Update: Well, most people like Rami Malek as Freddie Mercury but very few have endorsed the movie. It’s got a 54 on Rotten Tomatoes, and I suspect it’s going to get worse. I’m told it played very well in its London premiere. Will negative reviews kill it? Or kill Rami’s awards chances? He’s quite good.
Review: Scaramouche!
“Bohemian Rhapsody,” Bryan Singer’s story of the rock group Queen, and its star, Freddie Mercury, could not be more fun or more moving. If Freddie had to die, at least now he gets a proper send off. The recounting of the group’s rise to fame is a witty, silly, sad rollercoaster ride that never lets you go. And while you’re on it, the music is propulsive.
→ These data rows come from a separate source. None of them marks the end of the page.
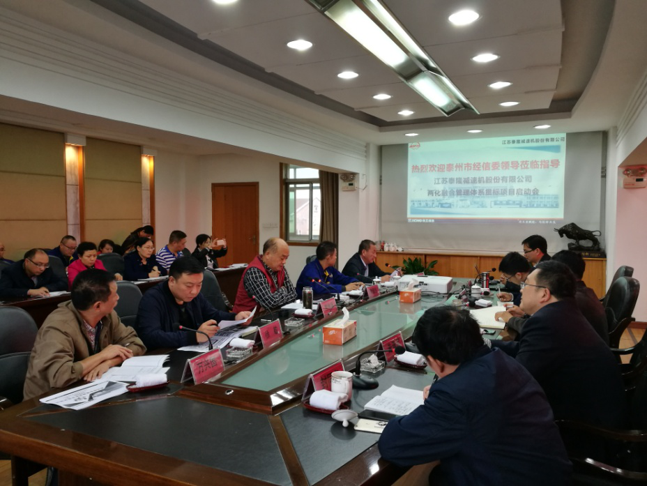 10月14日下午,江蘇泰隆減速機股份有限公司(以下簡稱“泰隆”)兩化融合管理體系貫標項目啟動會順利舉行。此次貫標啟動會由泰隆主管信息化工作的副經理曹保平主持,公司董事長殷根章、副經理萬興國、徐敬、黃留生和各部門主管、骨干41人和江蘇徐工信息技術股份有限公司副總經理邱旭東、兩化融合高級顧問陶建家參會,泰州市經信委企業信息化處處長孔令虎、泰興市經信委副主任朱承軍、信息產業科科長封同息出席會議。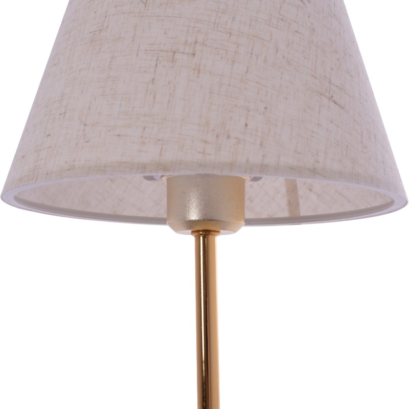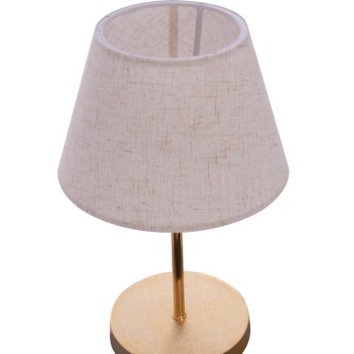 Φωτιστικό επιτραπέζιο μονοφωτο κλασικού τύπου με ξύλινη βάση σε καφέ καρύδι χρώμα και υφασμάτινο καπέλο λευκού χρώματος με ροζ λεπτομέρειες σχ.λουλουδιών με ντουι Ε27 διασ.Φ 30εκ*44εκ.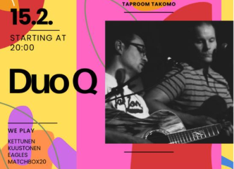 Mallassepät Lietsalantie 11, Naantali, FinlandTakomo Live / Duo Q / Ilmainen sisäänpääsy! Esiintyminen alkaa kello 20:00. ”Duo Q on perustettu 2000-luvun alussa opiskeluaikoina. Musiikki on leppoisaa ja melodista coveria laidan täydeltä. Vuosien saatossa soittoon on kertynyt monenlaista, sekä suomeksi että englanniksi. Sit back and enjoy! - Jussi & Timo” Suljemme keikan jälkeen klo 23:00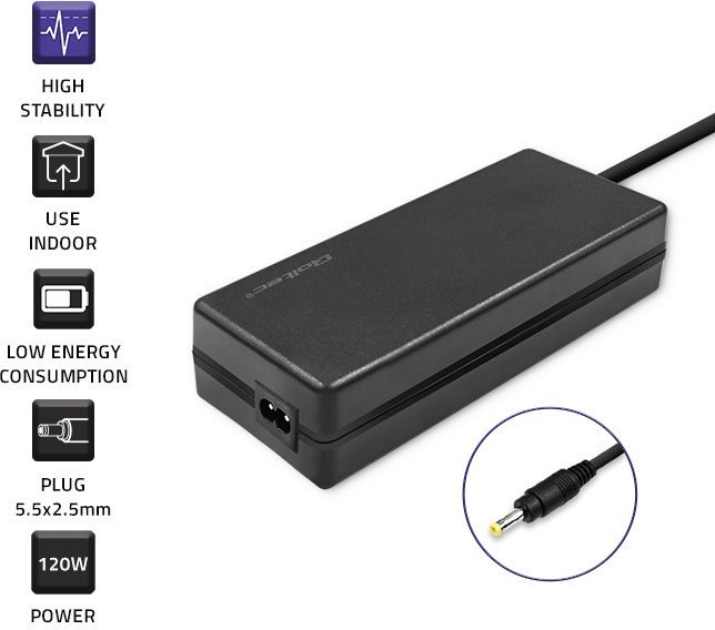 maximálny výkon 120 W, napätie 19 V, prúd 6,32 A, konektor 5,5 x 2,5 mmZobraziť viac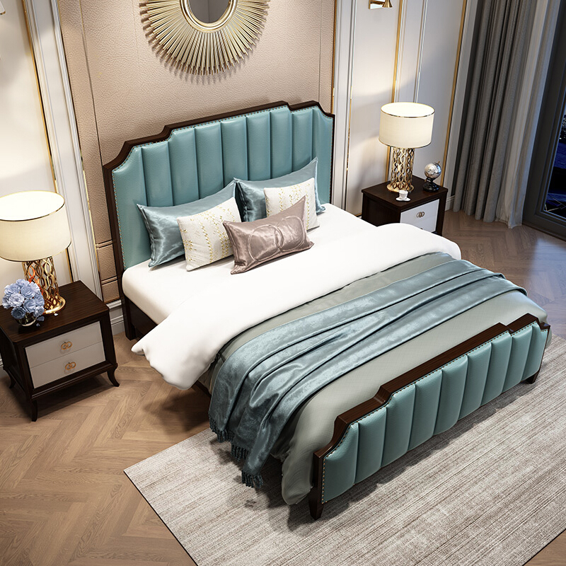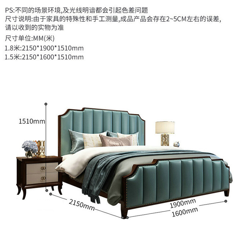 American style solid wood bed 1.8 meters, master bedroom big bed, double bed, modern simple light luxury princess bed, wedding bed 1.5 leather bed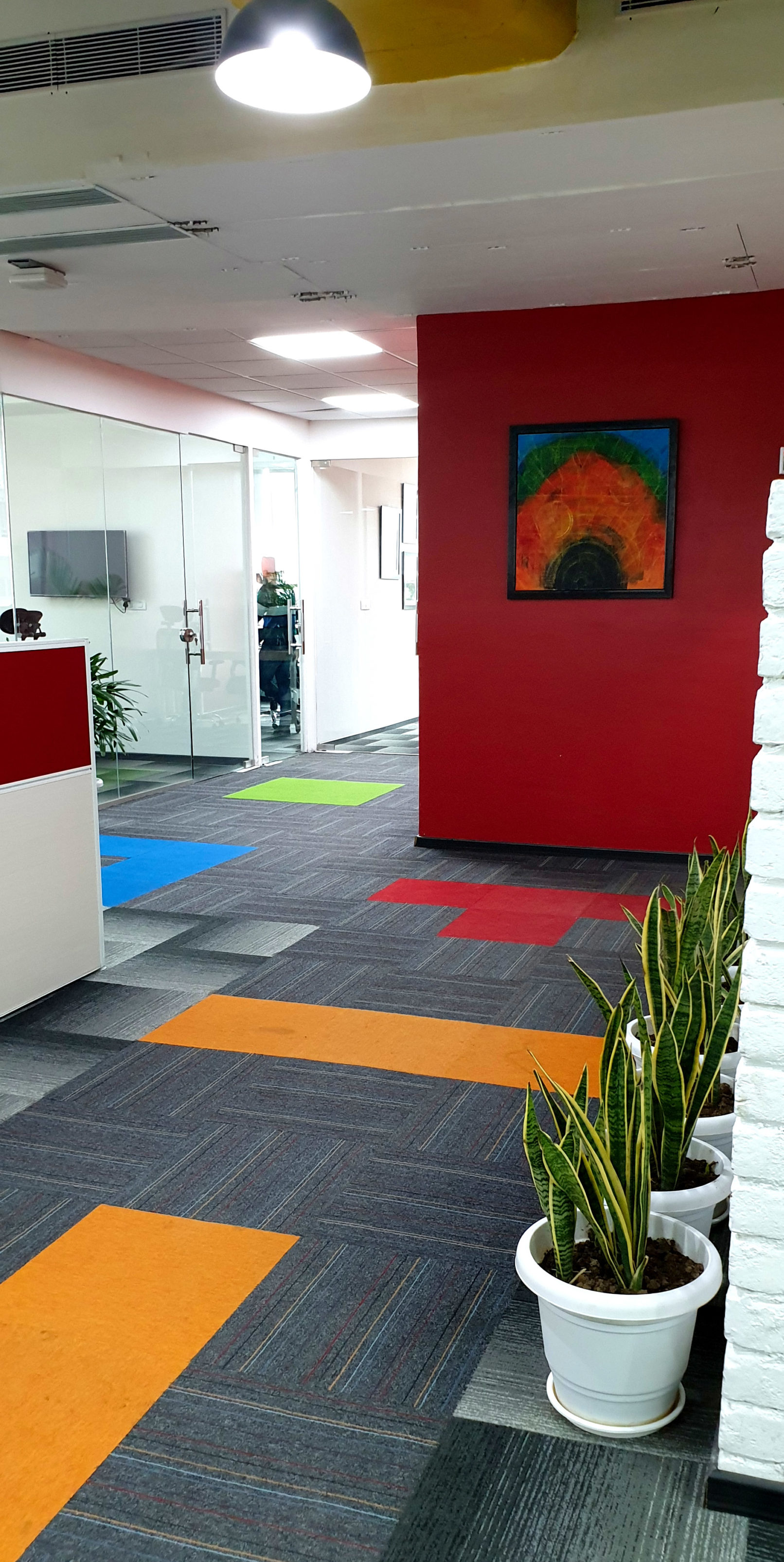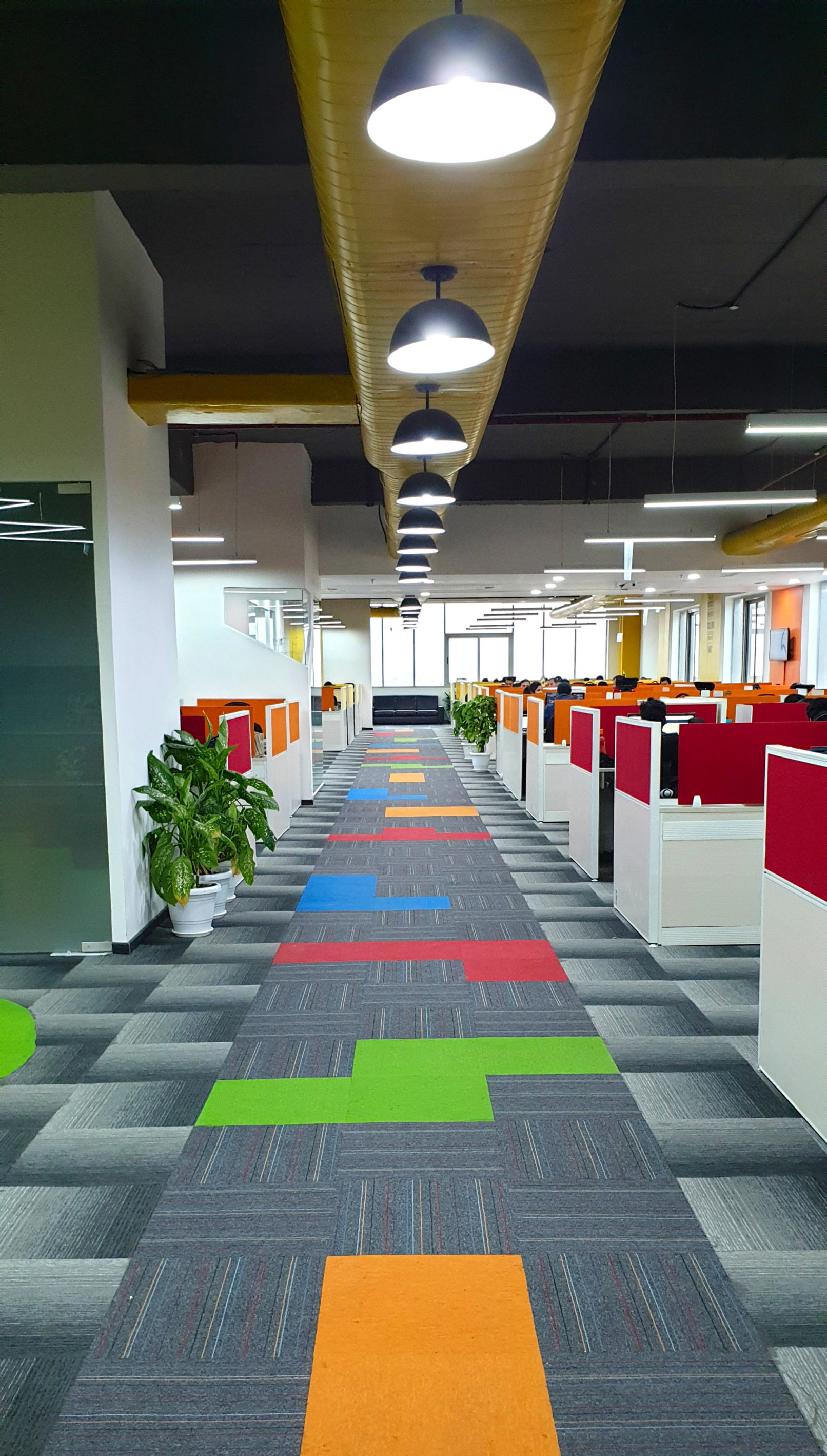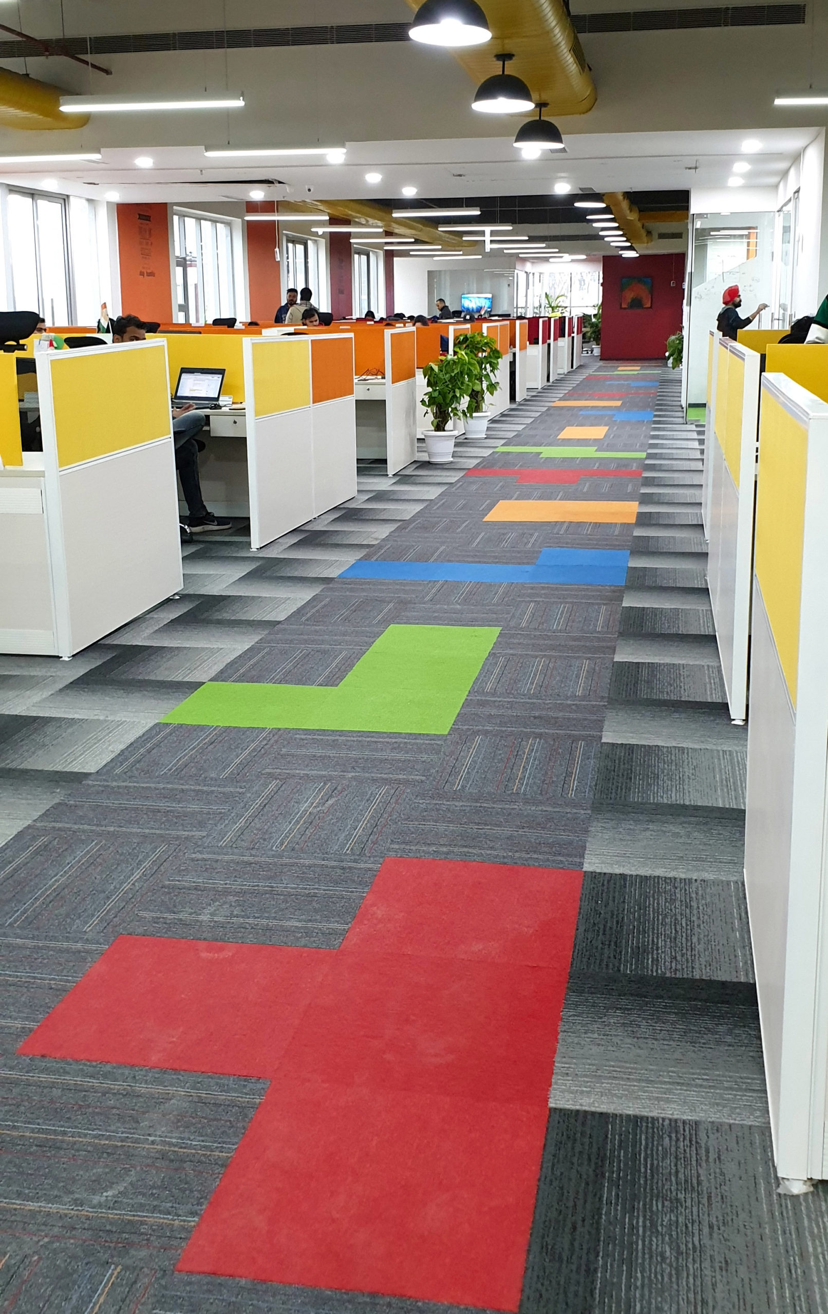 We noticed the geek-gamer culture of the company and came up with the ‘TETRIS’ pattern in the carpet tiles. These patterns remind you to add ‘fun’ in the otherwise serious office environment. The colours of the tetris blocks helped integrate the entire office.

The main thing is that Rami Malek, looking sometimes like a young Mick Jagger, transforms into Farrokh Bulsara, born in Tanzania and destined to be Freddie Mercury, perfectly. Malek, star of “Mr. Robot,” is absorbed into the role. You never think once that it’s an imitation or trick. Malek’s performance is an immersion, much like Jamie Foxx in “Ray.” Malek has to be on Oscar lists in Best Actor. (That would be Malek, Gosling, Cooper, Mortensen at least.)
And to think, at one time Sacha Baron Cohen might have played Freddie. Others wanted a shot at it, too. But it turns out Malek grasps the bitchiness, the hubris, the camp, the style, the musical sensibility, and the pathos– there’s a lot of pathos. Because Freddie’s quick rise to fame culminates in his contracting AIDS at a time when it was a death sentence. You realize there could have been so much more.
What makes the film work, though, ultimately, is a terrific screenplay from Anthony McCarten. He drums around on the central theme of family. Farrokh knew his family didn’t understand him, so he sought out another one. The other members of Queen– Brian May, Roger Taylor, John Deacon–are not predictable choices. They’re straight, and straight arrows. But they accept Freddie for who he is, and ultimately none of them can live without each other.
You’d have to make a mini series to go through all the songs, what they meant, how they were written. McCarten is smart– he crystallizes them with a breakdown of the 6 minute “Bohemian Rhapsody” which is the template for Queen. In a nice twist, Mike Myers plays the record executive who doesn’t get that “BR” will be a monster hit. It was Myers, years later with “Wayne’s World,” who’d revive interest in the song for a new generation. He’s very good.
McCarten is also smart to give credit to the other bandmembers– Queen wasn’t a one man show. The actors who play them– Gwilym Lee, Ben Hardy, and Joseph Mazell0– are just right. Lee is a standout as Brian May, whose sizzling lead guitar and songwriting kept Queen from becoming too outrageous. The band was Mercury’s ballast.
There are also lovely performances by Lucy Boynton as Mary Austin, the love of Freddie’s life (it was platonic but intense) and Allen Leech as Paul Prenter, Freddie’s lover and manager. (It’s a decided departure for Leech, known to many as Branson on “Downton Abbey.”) Tom Hollander has a smaller role as Queen’s manager, Jim Beach, nicknamed “Miami” Beach, their guiding light.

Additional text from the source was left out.